PYONGTAEK, South Korea — Soldiers newly assigned to Camp Humphreys in South Korea will be given a tour of the surrounding Pyongtaek region to help acquaint them with their new place of duty, base officials said Thursday.

The monthly tours will be similar to one Wednesday in which 14 U.S. soldiers were taken to several points of interest in Pyongtaek, a city in west-central South Korea.

The troops stopped at a Buddhist temple, a Korean restaurant, an agricultural exhibition center and a seaport, said Yu Pom-pong, community relations officer for the Army’s Area III Support Activity at Camp Humphreys, a helicopter base.

“The newcomers do not know where to go and what there is in Pyongtaek City,” Yu said of why the program was started. “Once they are assigned to Camp Humphreys, they can feel a lot [more] comfortable to go out and explore Korean culture and see the Korean people.”

Wednesday’s tour was co-sponsored by Pyongtaek City and the People To People Korea’s Pyongtaek chapter, both of which also will sponsor the future tours, he said.

Most of the soldiers on Wednesday’s tour arrived in South Korea within the past two months, Yu said; one had arrived just two days before the tour.

Wednesday’s first stop, Yu said, was a 90-minute visit to Mangi-sa, a Buddhist temple in northern Pyongtaek’s Jinwi-myon area. Soldiers walked the grounds and a guide explained the temple’s history.

Then came a restaurant, Yu said, in which troops ate a popular beef dish called bulgogi, rice and various side dishes.

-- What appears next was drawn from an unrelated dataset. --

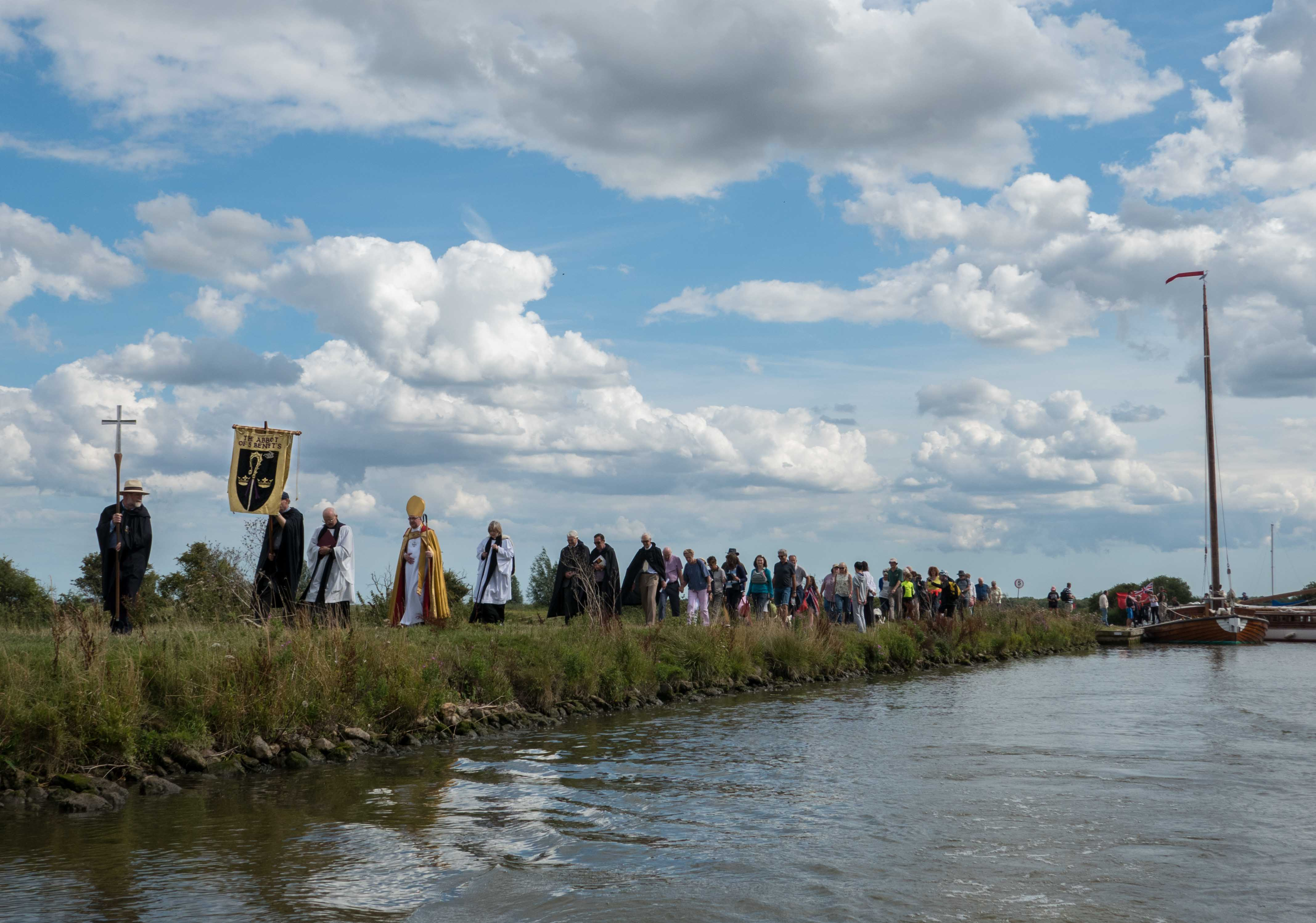 The The Rt Rev. the Lord Bishop of Norwich Graham James disembarks from the wherry Ardea at St Benet's Abbey on 6 August 2017 for the annual service at the monastery ruins on the banks of the River Bure, Norfolk. The wherry is moored at what was the site of a wherryman's pub, The Chequers.

During about an hour at the Pyongtaek City Agricultural Technology and Extension Center, they saw exhibits related to the history of farming in Pyongtaek.

At Pyongtaek Port, on South Korea’s west coast, the soldiers and their hosts boarded a boat that cruised the port for about 40 minutes. A guide outlined the port’s history and talked of what Korean economists see as an increasingly important national role for the port in coming years, Yu said.

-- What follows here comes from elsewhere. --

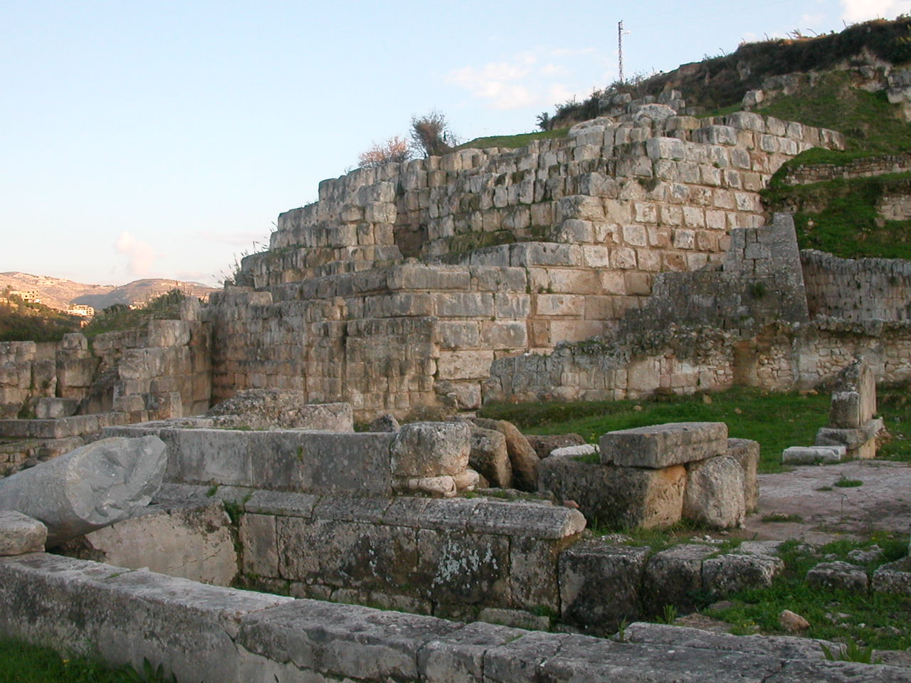 Echnoum 3

“I’ve been here about four months and that was my first time seeing any of those places,” said Army Pfc. Veronica Durant, 18. She arrived in South Korea in December for her first duty station after training. She’s assigned to the Area III Support Activity’s Headquarters and Headquarters Company.

“And it was very interesting learning about the culture and about the way they are here,” she said. The tours “would really benefit new people that come here ... I think most people don’t really understand or think much about it.”